**What is required**:
Please repeat the records word for word and skip the pictures.

┌─ Source records

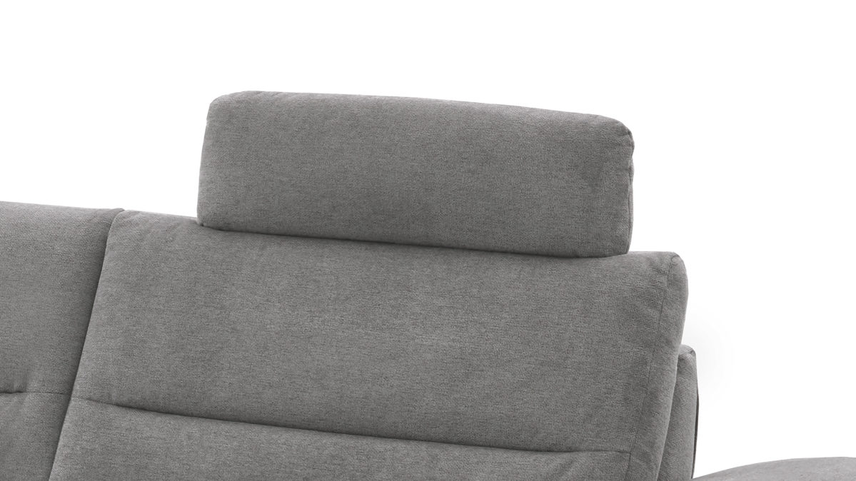 die Kopfstütze wird in die Kopfstützenvorrichtung an der Rückenlehne des Sofas eingesteckt und lässt sich dann in der Höhe und in der Neigung manuell verstellen
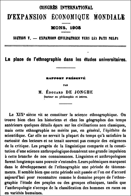 Congrès International d’expansion économique mondiale tenu à Mons du 24 au 28 septembre 1905. La place de l’ethnographie dans les études universitaires – par E. De Jonghe.
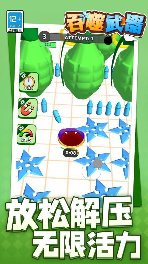 吞噬武器手游官网版是一款非常有趣的休闲闯关游戏。游戏拥有众多武器等待吞噬利用,通过吞掉散落的武器装备和弹药强化自身能力,控制黑洞前往不同区域进行吞没,在时间结束之前尽可能收集更多的武器道具,这样即可应对所有巨人的进攻,成功消灭全部巨型怪物才能完成最终的关卡挑战获取奖励,所以要特别注意收集散落四处的物品,任何疏忽都要避免发生。关卡难度一步步提升,后期会慢慢出现极其复杂的挑战,甚至武器弹药数量也会减少,必须合理运用弹药才有机会消灭所有怪物,任何浪费都有可能造成闯关失败。
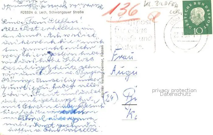 Fuessen_Allgaeu Schwangauer Strasse Fuessen Allgaeu postalisch gelaufen 1959 Erhaltung siehe scans [FriedD77] Frierer
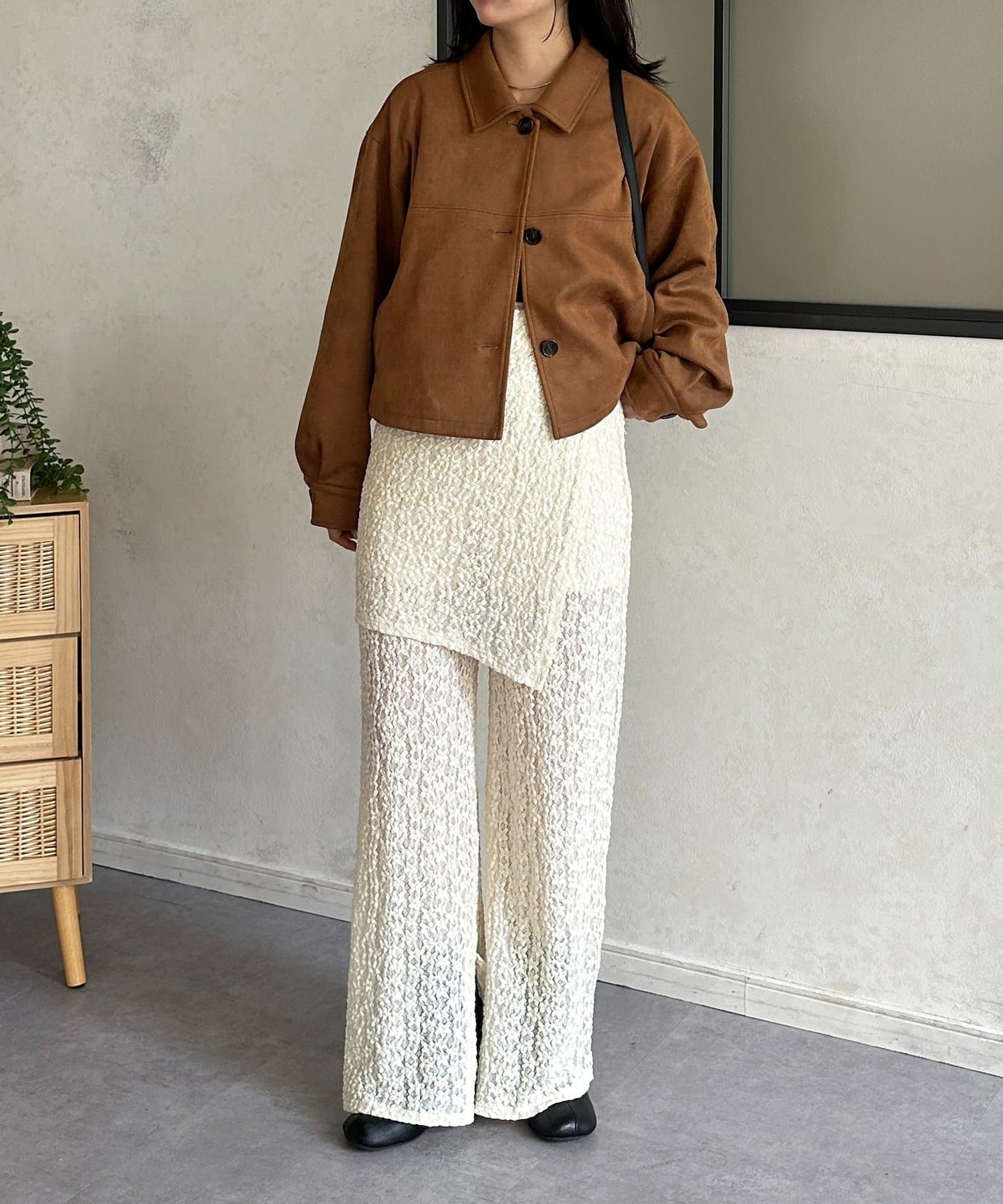 ・ ラップスカートがポイントになるパンツなので、

└─

**Output for this task**:
 die Kopfstütze wird in die Kopfstützenvorrichtung an der Rückenlehne des Sofas eingesteckt und lässt sich dann in der Höhe und in der Neigung manuell verstellen
 Congrès International d’expansion économique mondiale tenu à Mons du 24 au 28 septembre 1905. La place de l’ethnographie dans les études universitaires – par E. De Jonghe.
 吞噬武器手游官网版是一款非常有趣的休闲闯关游戏。游戏拥有众多武器等待吞噬利用,通过吞掉散落的武器装备和弹药强化自身能力,控制黑洞前往不同区域进行吞没,在时间结束之前尽可能收集更多的武器道具,这样即可应对所有巨人的进攻,成功消灭全部巨型怪物才能完成最终的关卡挑战获取奖励,所以要特别注意收集散落四处的物品,任何疏忽都要避免发生。关卡难度一步步提升,后期会慢慢出现极其复杂的挑战,甚至武器弹药数量也会减少,必须合理运用弹药才有机会消灭所有怪物,任何浪费都有可能造成闯关失败。
 Fuessen_Allgaeu Schwangauer Strasse Fuessen Allgaeu postalisch gelaufen 1959 Erhaltung siehe scans [FriedD77] Frierer
 ・ ラップスカートがポイントになるパンツなので、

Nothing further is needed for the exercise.